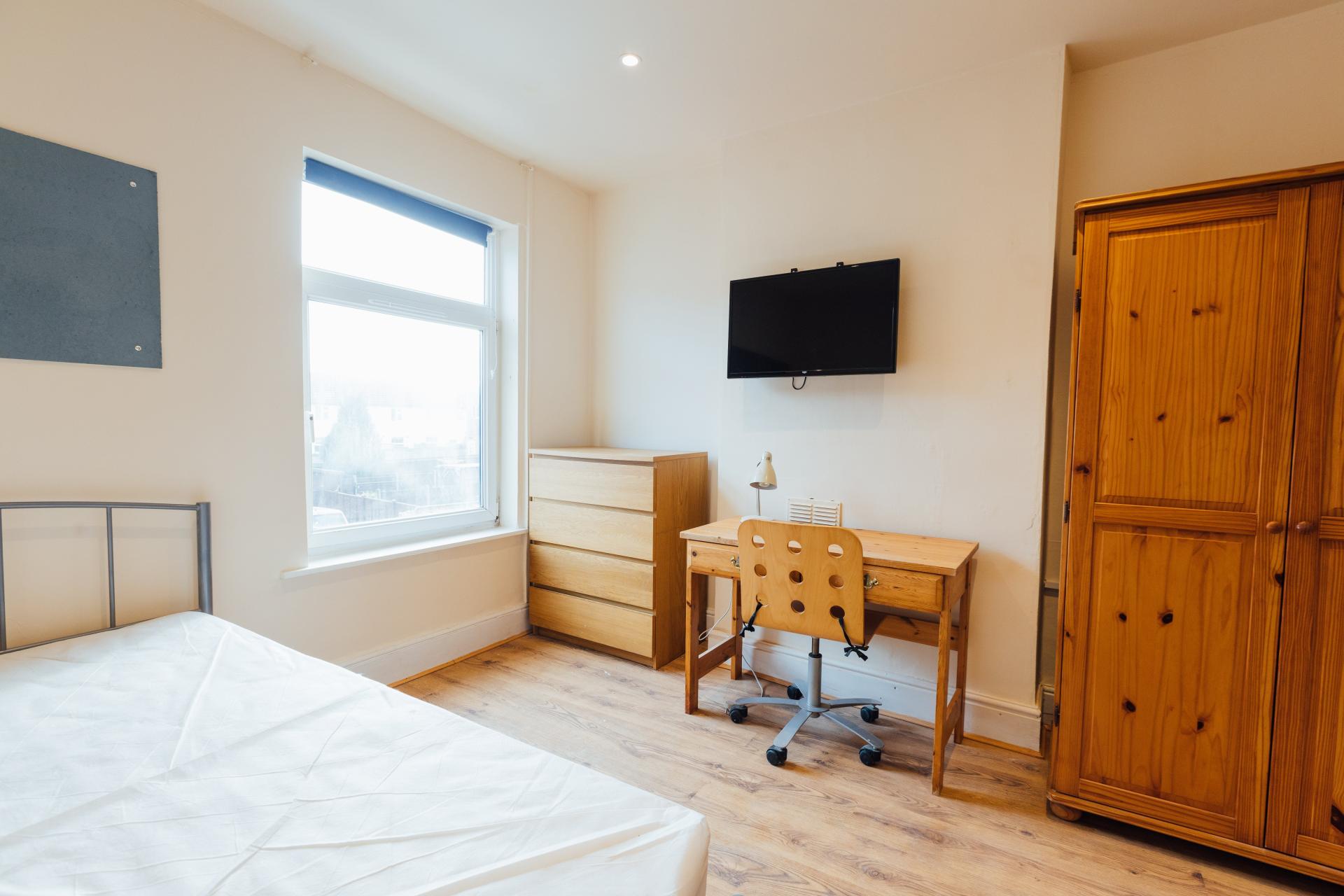 - Bedroom furniture: bed, desk, desk chair, wardrobe, and drawers
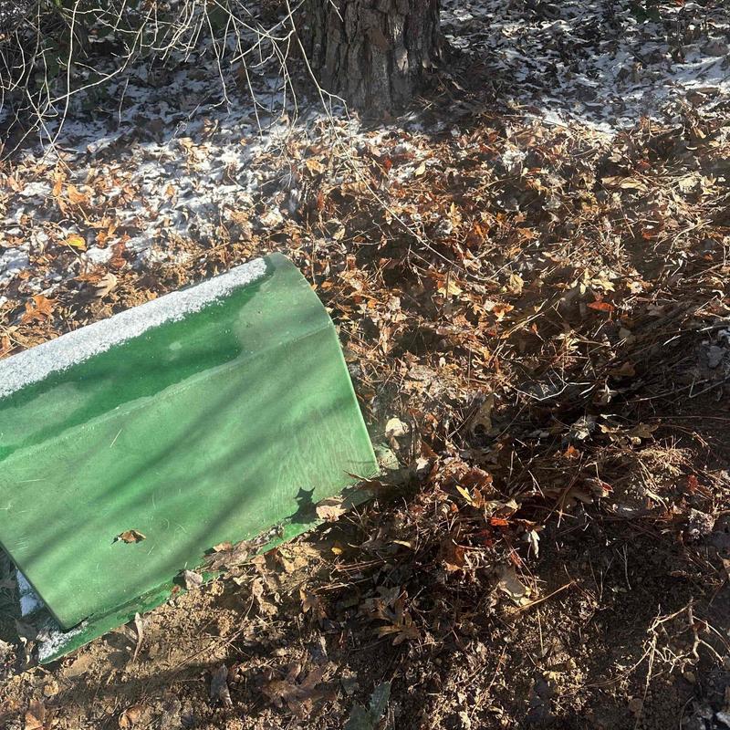 VAC TRUCK SERVICES completed excavation and cleanup work at a commercial location in Conover, NC. The job involved removing a large pile of soil near a tree and bike rack, restoring the area to its original state with exposed ground and roots, supported by the use of a vacuum truck on site.
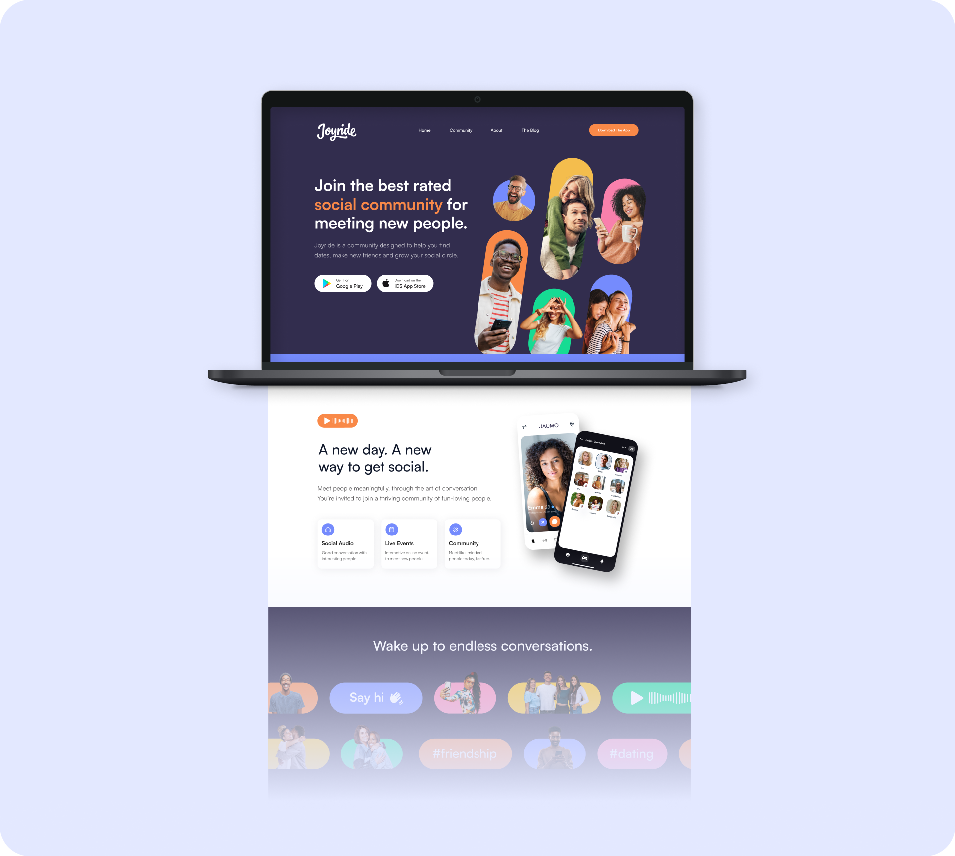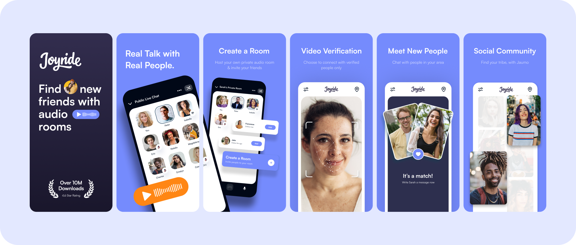 Joyride is a social platform that connects users with potential friends using live audio conversations. Connect in groups or one-to-one and have genuine conversations with new people.
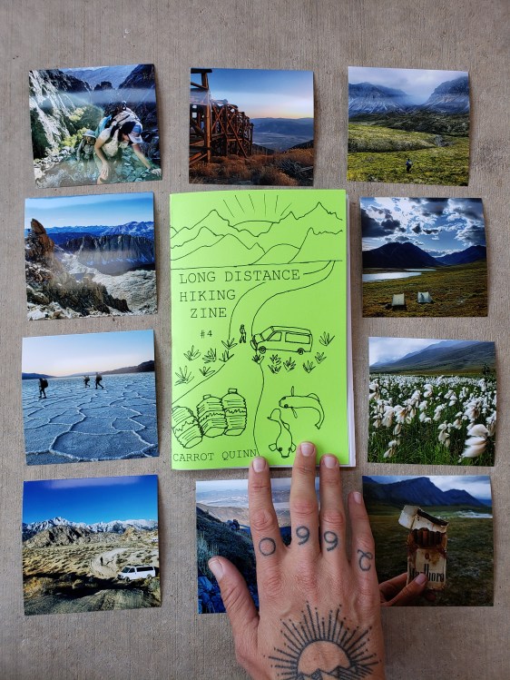 Long Distance Hiking Zine #4, the zine of my recent (and second!) thru-hike of the Lowest to Highest Route, as well as my adventures in the Alaskan Arctic this summer, is here!! 20k words, plus 10 prints of my photos from those trips. I already sold out of the 200 copies I usually print, so I’ve printed an extra 50 copies. As of this writing, I have 33 copies left! (I’ll update this number when they’re sold out.) I’m only shipping these zines through Wednesday, Nov 13- so if you want one this is your last chance to scoop one up! No international orders please.
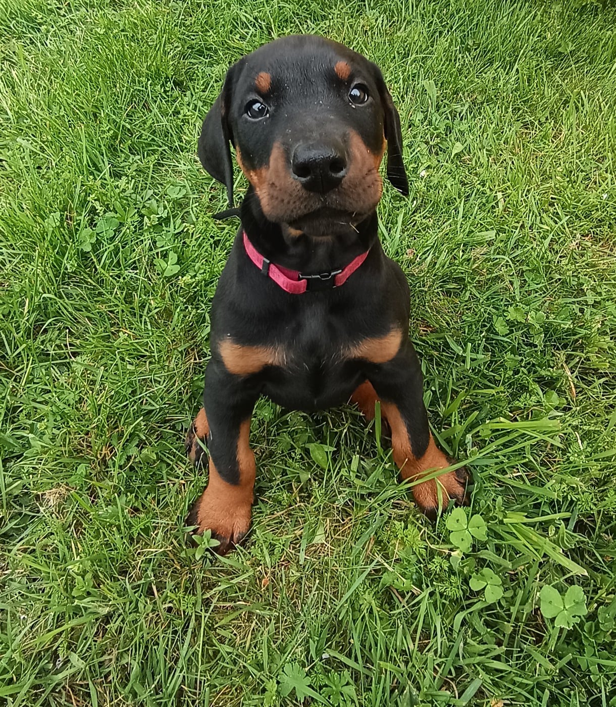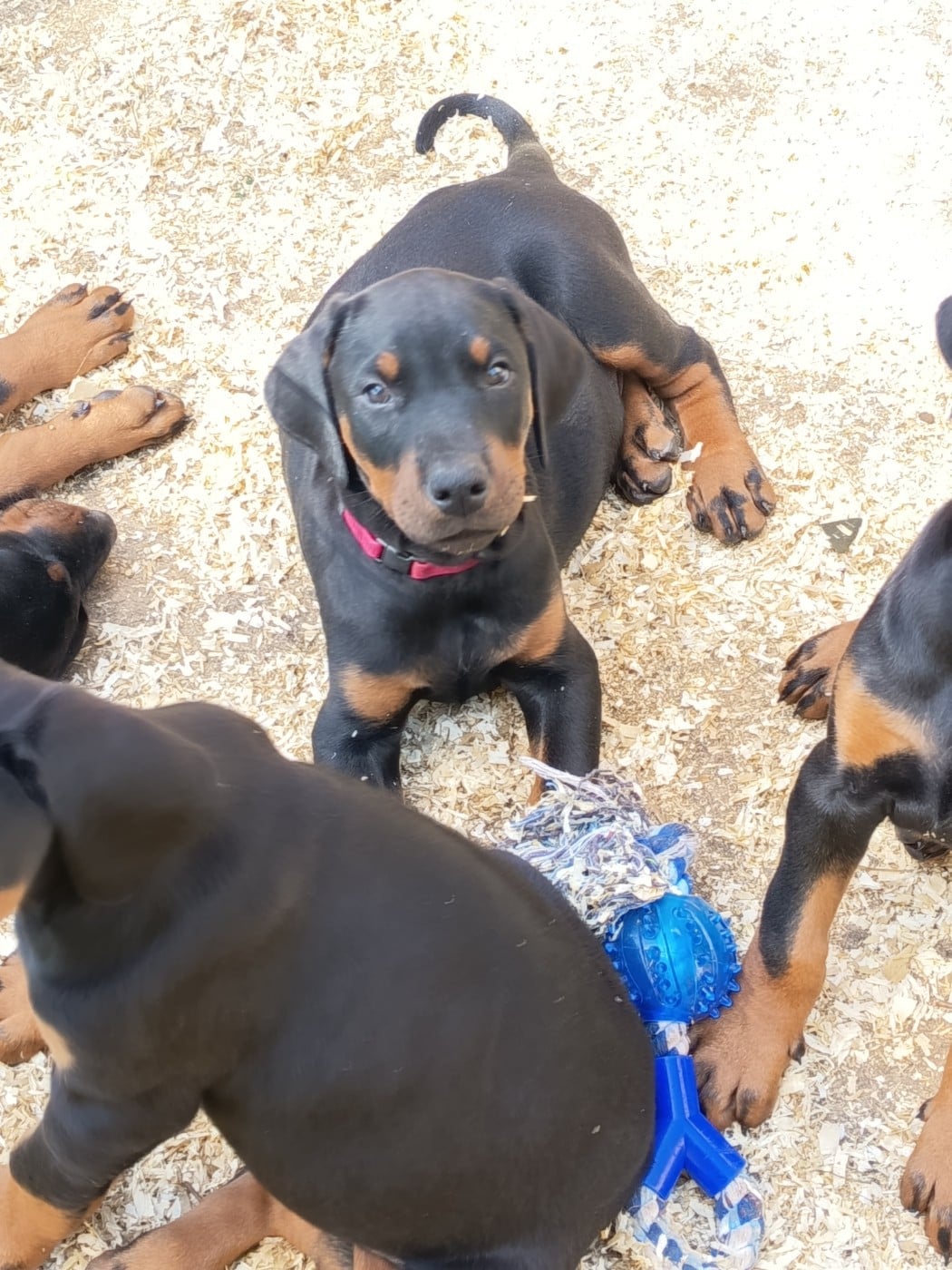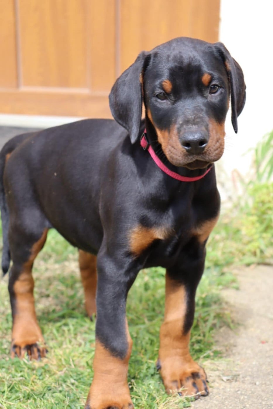 Chiots Dobermann Collier rouge Des Roses Noires De Feu
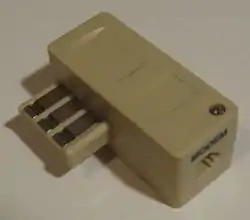 F-010 or T plug or PTT plug is a type of telephone plug and matching socket. The F-010 standard originated in France and is used there (overseas departments and territories included) and in other countries, including Algeria, Andorra, Bhutan, Burkina Faso, Chad, Comoros, Republic of the Congo, Djibouti, Egypt, Equatorial Guinea, Gabon, Grenadines, Ivory Coast, Madagascar, Mali, Mauritania, Mauritius, Monaco, Morocco, Niger, Rwanda, Senegal, Somalia, Togo and Tunisia.
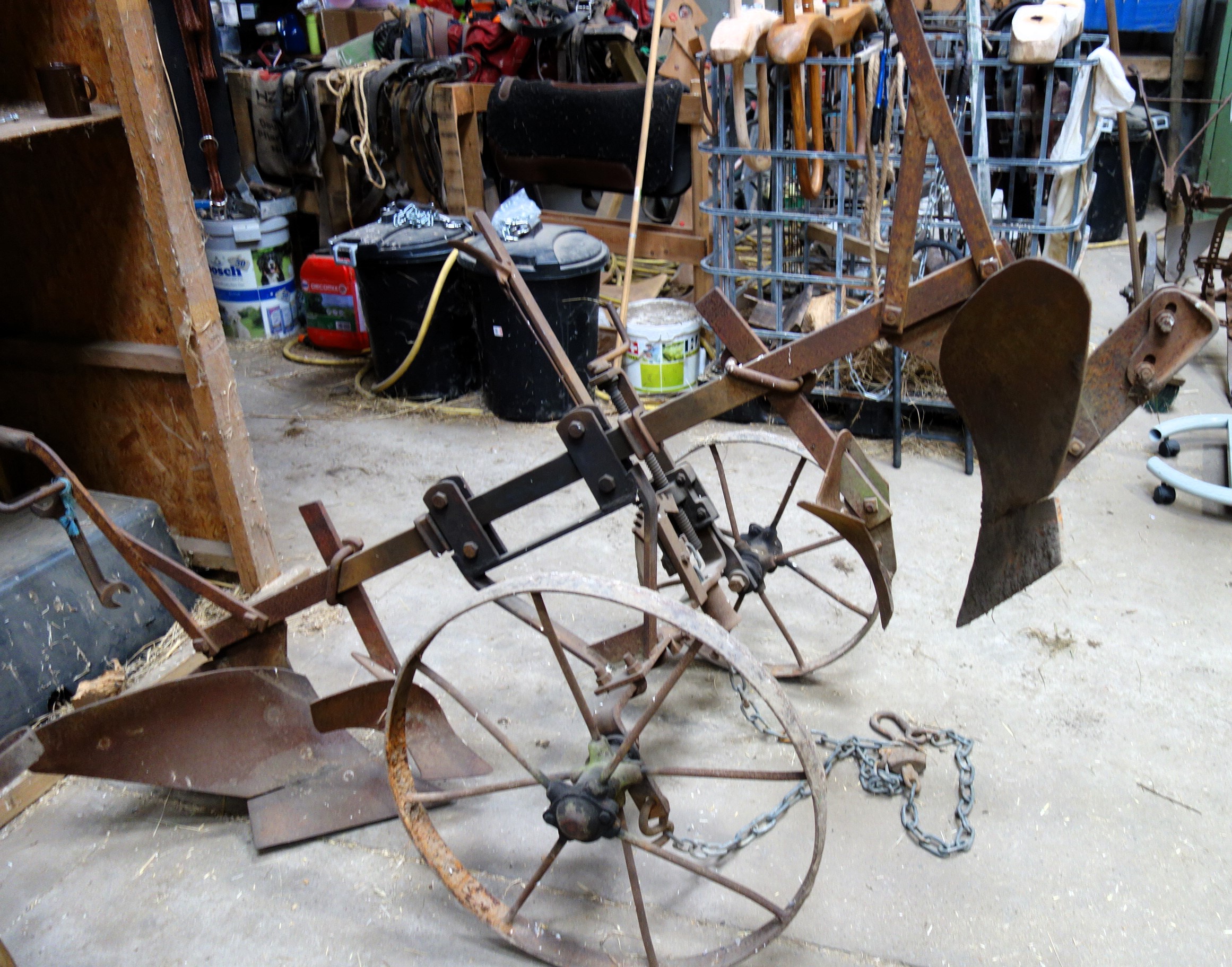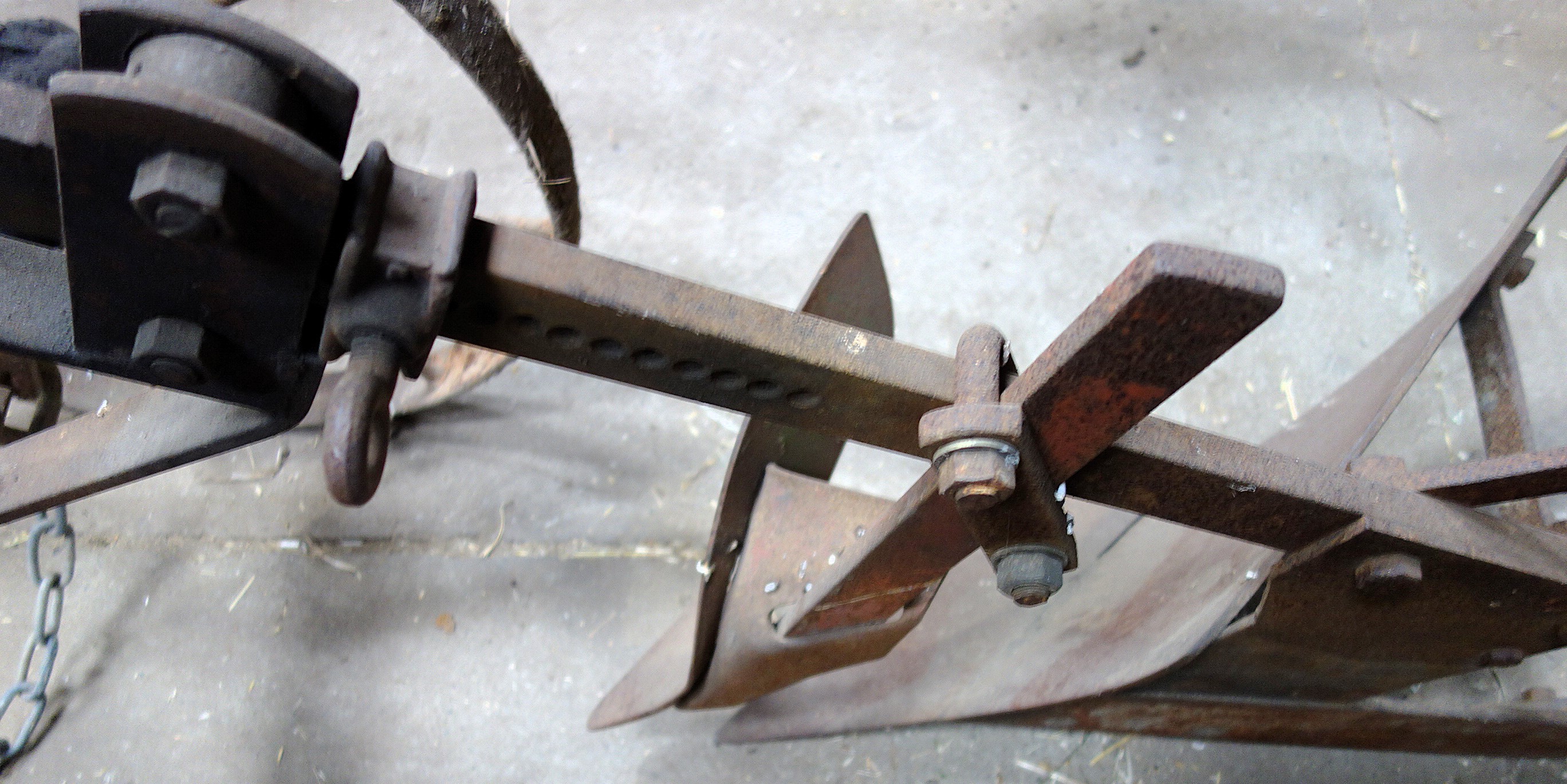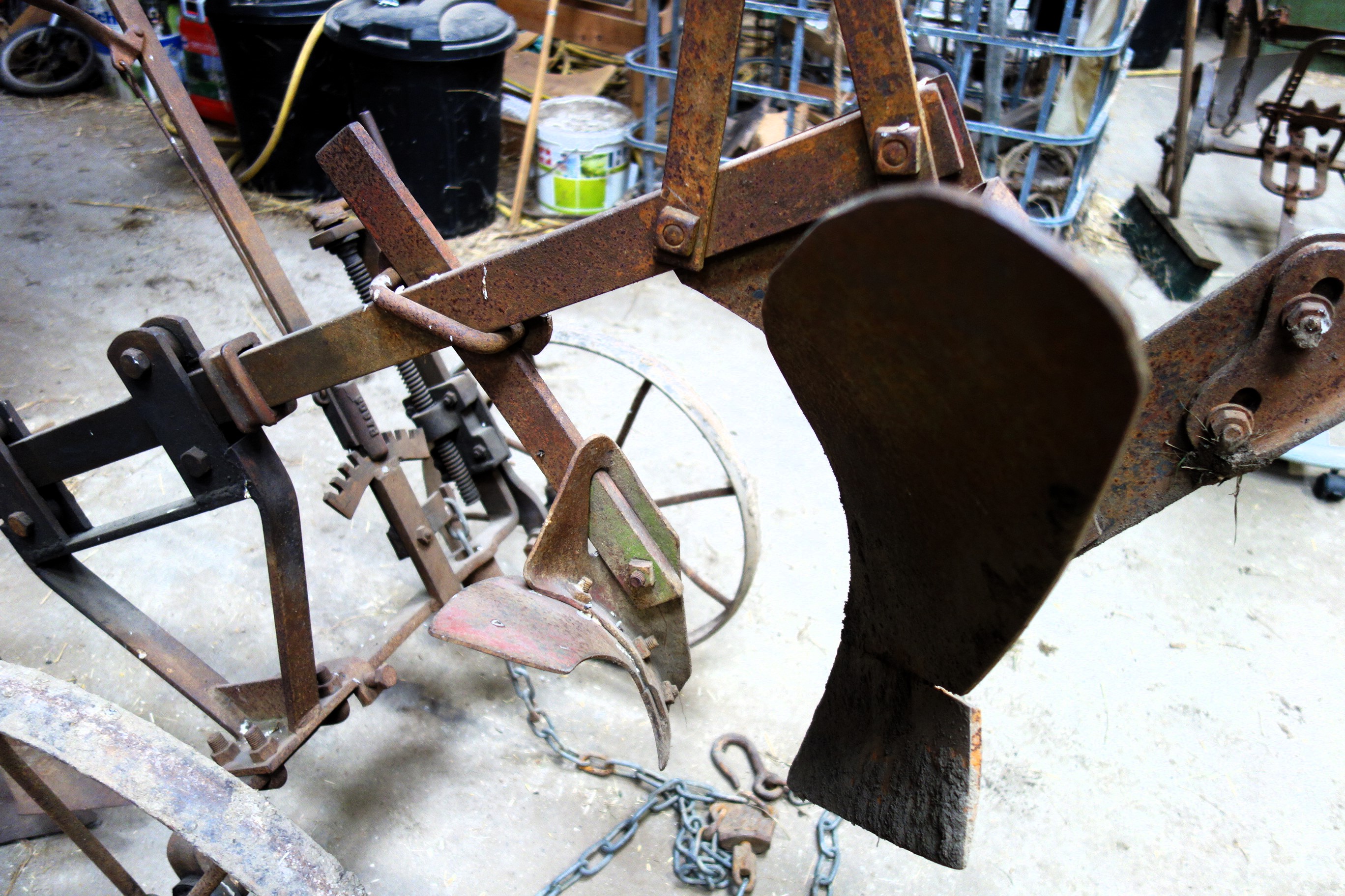 Dieser einscharige Kipppflug steht im Freilichtlabor Lauresham, Lorsch, Hessen.

= Problem requirements =
An exact copy of the listing above, minus its pictures, is what is needed here.

= Task result =
 - Bedroom furniture: bed, desk, desk chair, wardrobe, and drawers
 VAC TRUCK SERVICES completed excavation and cleanup work at a commercial location in Conover, NC. The job involved removing a large pile of soil near a tree and bike rack, restoring the area to its original state with exposed ground and roots, supported by the use of a vacuum truck on site.
 Joyride is a social platform that connects users with potential friends using live audio conversations. Connect in groups or one-to-one and have genuine conversations with new people.
 Long Distance Hiking Zine #4, the zine of my recent (and second!) thru-hike of the Lowest to Highest Route, as well as my adventures in the Alaskan Arctic this summer, is here!! 20k words, plus 10 prints of my photos from those trips. I already sold out of the 200 copies I usually print, so I’ve printed an extra 50 copies. As of this writing, I have 33 copies left! (I’ll update this number when they’re sold out.) I’m only shipping these zines through Wednesday, Nov 13- so if you want one this is your last chance to scoop one up! No international orders please.
 Chiots Dobermann Collier rouge Des Roses Noires De Feu
 F-010 or T plug or PTT plug is a type of telephone plug and matching socket. The F-010 standard originated in France and is used there (overseas departments and territories included) and in other countries, including Algeria, Andorra, Bhutan, Burkina Faso, Chad, Comoros, Republic of the Congo, Djibouti, Egypt, Equatorial Guinea, Gabon, Grenadines, Ivory Coast, Madagascar, Mali, Mauritania, Mauritius, Monaco, Morocco, Niger, Rwanda, Senegal, Somalia, Togo and Tunisia.
 Dieser einscharige Kipppflug steht im Freilichtlabor Lauresham, Lorsch, Hessen.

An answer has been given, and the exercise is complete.